Deleting langchain-pinecone allDone


In [69]:
#dimension of openAI embeedings is 1536
index_name = 'churchill-speech'
if index_name not in pinecone.list_indexes():
    print(f'Creating index {index_name}...')
    pinecone.create_index(index_name, dimension=1536, metric='cosine')
    print('Done')

Creating index churchill-speech...
Done


In [72]:
vector_store = Pinecone.from_documents(chunks, embeddings, index_name=index_name)#takes 3 arguments
#chunks is the viriable title you may give the recursive text classifier on you doc/ text
# embedding is instance of OpenAI embedding class, converts text data into embedding using OpenAI embedding model used for similarity search in Pinecone#
#index_name is the string representing the name of Pinecone index, used to identify index in PineconeDB

# in nutshell, the above function picks classified text, embeds it and convert it to a vector store that can aid similarity search


### Asking Questions (Similarity Search)

In [73]:
query = 'Where should we fight?'
result = vector_store.similarity_search(query)
print(result)

[Document(page_content='shall fight on the beaches, we shall fight on the landing grounds, we shall fight in the fields and'), Document(page_content='front, now on that, fighting'), Document(page_content='end, we shall fight in France, we shall fight on the seas and oceans, we shall fight with growing'), Document(page_content='Winston Churchill Speech - We Shall Fight on the Beaches \nWe Shall Fight on the Beaches')]


In [74]:
for r in result:
    print (r.page_content)
    print('-'* 50)# for readability

shall fight on the beaches, we shall fight on the landing grounds, we shall fight in the fields and
--------------------------------------------------
front, now on that, fighting
--------------------------------------------------
end, we shall fight in France, we shall fight on the seas and oceans, we shall fight with growing
--------------------------------------------------
Winston Churchill Speech - We Shall Fight on the Beaches 
We Shall Fight on the Beaches
--------------------------------------------------


In [76]:
# use LLM to get most relevant/ package results 

from langchain.chains import RetrievalQA
from langchain.chat_models import ChatOpenAI

llm = ChatOpenAI(model ='gpt-3.5-turbo', temperature=1)
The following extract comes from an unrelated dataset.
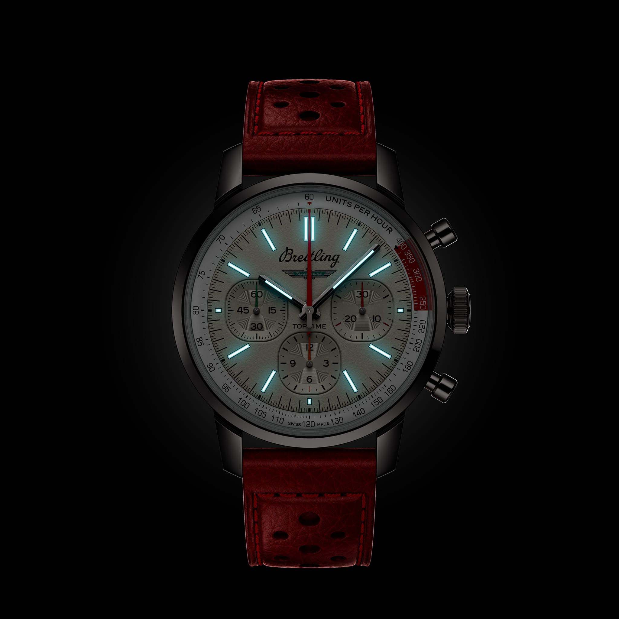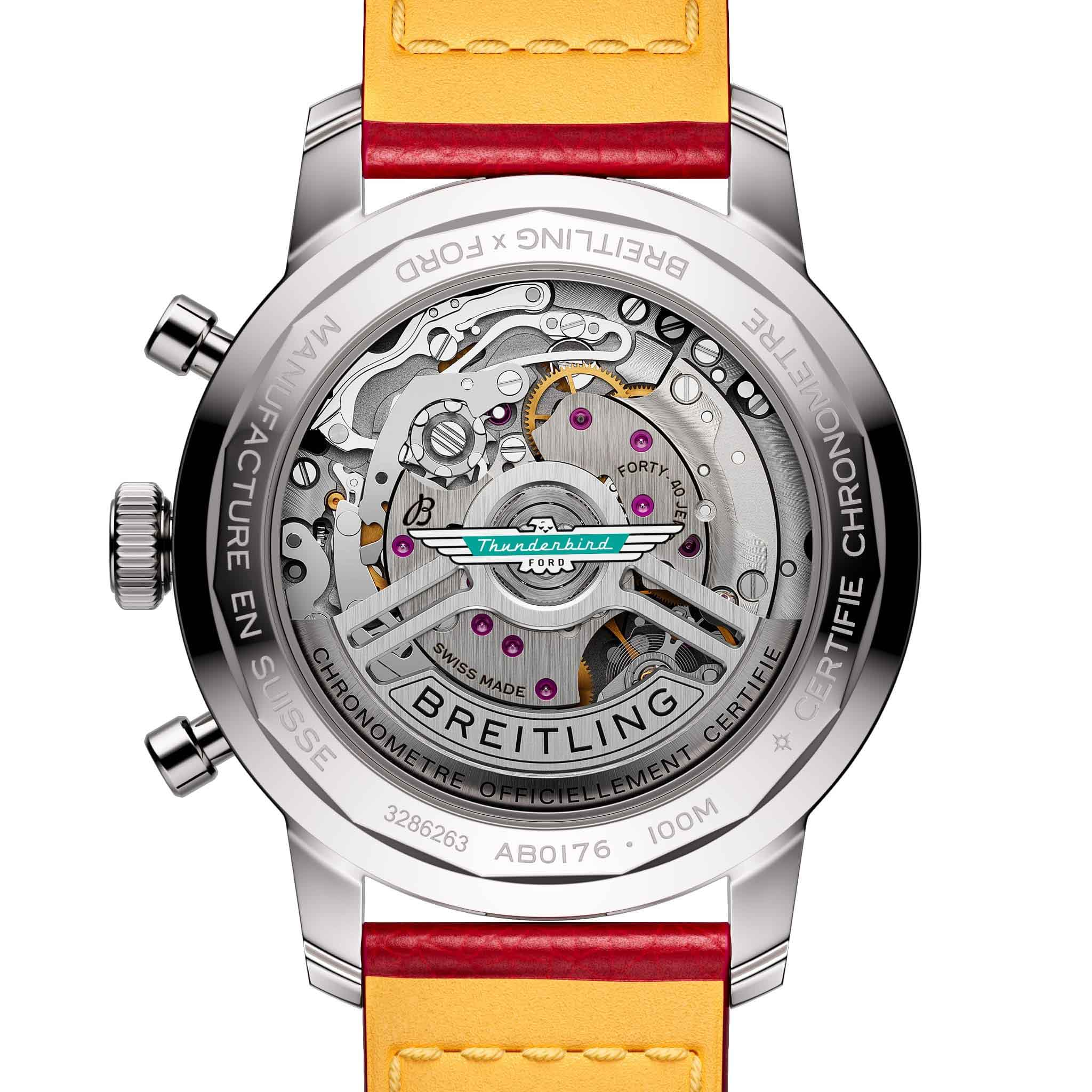 Мужские швейцарские часы-хронографХронографФункция позволяет измерять отрезки времени с особой точностью: часы, минуты, секунды. Верным признаком хронографа является наличие на циферблате 3 дополнительных окошек-счётчиков. с тахиметромТахиметрРазмеченная шкала, располагается на ободке или безеле часов. Тахиметр позволяет рассчитать скорость на определённом участке пути, расстояние измеряется в километрах или милях. Breitling Top Time B01 Ford Thunderbird AB01766A1A1X1, механический механизм (автоматический калибр) с высокой точностью. Сапфировое стеклоСапфировое стеклоПрочный и надёжный материал из кристалла сапфира синтетического происхождения, характеризующийся особой твёрдостью и устойчивостью к царапинам и повреждениям. устойчивое к появлению царапин, обладающее высокой прозрачностью. Класс водозащиты: 100 метров, позволит плавать, нырять и заниматься другими водными видами спорта. Корпус часов изготовлен из стали. Кожаный ремешок с раскладной застёжкойРаскладная застёжкаТакой тип застёжки используется только на браслетах из металла. Она никогда не раскрывается полностью, происходит разделение на 2 и более частей. Раскладывающая застёжка снизит вероятность потери часов к минимуму.. Стрелки и метки с люминесцентным покрытиемЛюминесцентное покрытиеПозволяет считывать показания времени в темноте. Производители наносят на стрелки, часовые индексы, безель или поверхность циферблата светонакопительный состав, дающий холодное свечение..
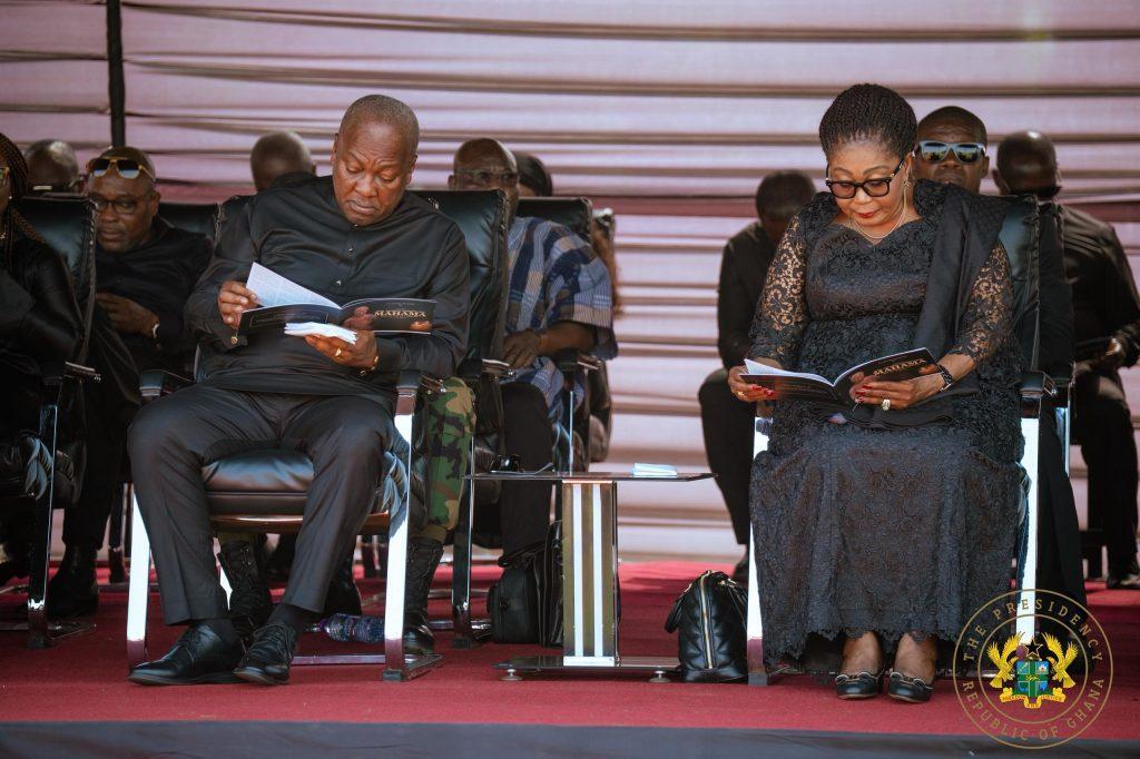 Africa-Press – Ghana. President John Dramani Mahama and his wife, First Lady Lordina on Saturday mourned with Dr Callistus Mahama, Executive Secretary to the President, at the funeral of his mother, Mrs Salomey Mahama, in Salaga, Savannah Region.

#The retrieval interface is a generic interface that makes it eay to combine documents in large language models
# k = 3 means that it will rturn 3 most similar chunks

retriever = vector_store.as_retriever(search_type='similarity', search_kwargs={'k' : 3})
# create chain to answer question

chain = RetrievalQA.from_chain_type(llm=llm, chain_type="stuff", retriever = retriever)

In [77]:
query = 'Where should we fight?'
answer = chain.run(query)
print(answer)

We should fight on the beaches, the landing grounds, in the fields, in France, on the seas and oceans.


In [78]:
query = 'Who was the king of Belgium at that time?'
answer = chain.run(query)
print(answer)

The king of Belgium at that time was King Leopold.


In [80]:
query = 'What about the French Armies?'
answer = chain.run(query)
print(answer)

The context suggests that the French Armies were involved in the situation being discussed. Specifically, there is mention of French troops holding a certain area and the creation of a French Army that was supposed to advance across the Somme. However, the details provided do not give further information about the current status or specific actions of the French Armies.